The government has been incapable of balancing this budget, even though it collects $80 billion more in revenue than the last budget of the Howard government. The Treasurer keeps giving us excuses about the global financial crisis, coolness in the resource sector or a range of other excuses. But whatever his excuses are, the facts are he has at his disposal in this budget $80 billion more than the Howard government had in its last budget. That budget produced a surplus. Labor cannot produce a surplus, even with $80 billion worth of extra revenue. The reason for that, fundamentally, is that it is spending $120 billion more than the last Howard government.
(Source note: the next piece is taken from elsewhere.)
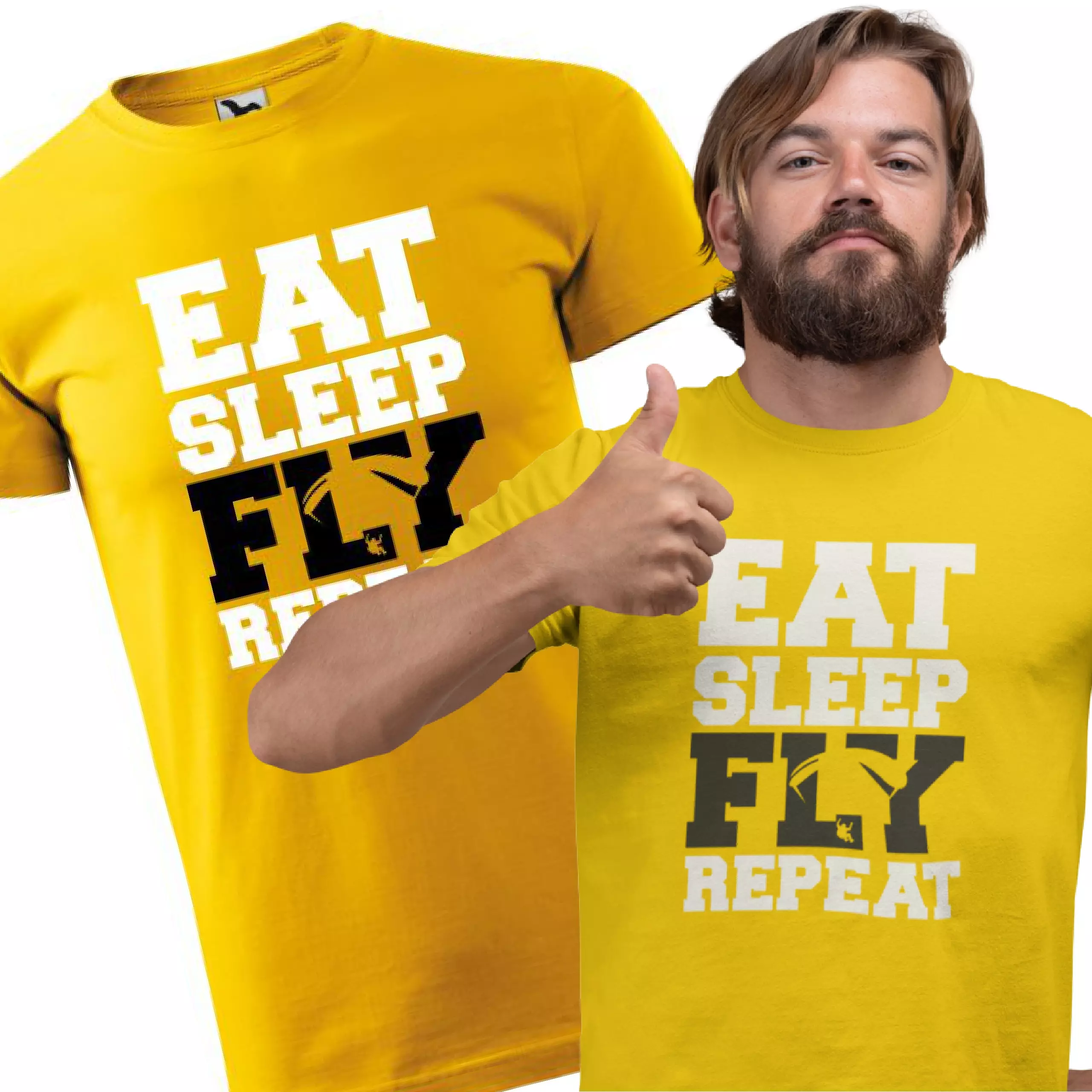 Słowa "Eat Sleep Fly Repeat" są jak mantra, która podkreśla esencję życia pełnego pasji do latania. To jak codzienne rytuały – jedzenie, sen, a potem lot, powtórzone w nieskończoność. Ta koszulka nie tylko mówi o tym, co robimy, ale także o tym, co kieruje naszym życiem.

People might not mind so much if it were not wasted or if in fact there were genuine measures put in place to ensure that that amount could be paid for. But, in reality, the money has been wasted. Labor is spending its way into deficit. There has been no loss of revenue; there have been increases in revenue. What there has been is an extravagance of expenditure: on pink batts, on overpriced school halls, on all sorts of other wasteful programs—things that in actual fact have not delivered a more productive society.

Today we see complaints again about a loss of revenue. There has been one phrase missing in Labor's rhetoric during this budget—one we heard a lot during the last budget—and that was the phrase that Labor was 'spreading the proceeds of the boom'. Today, the bad news is: there isn't any boom. This government has destroyed it. This government has driven away the incentive to invest. It has taxed away the capacity for people to want to actually invest in this country and deliver the boom. Labor has destroyed the boom. There are no proceeds left to distribute.

You just have to look at the mining tax. When it was originally proposed, Labor said it would collect $4 billion this year. Later they had to revise it downward to $3 billion and then $2.2 billion. But how much are they actually collecting? Two hundred million dollars. That is the proceeds of the boom: $200 million.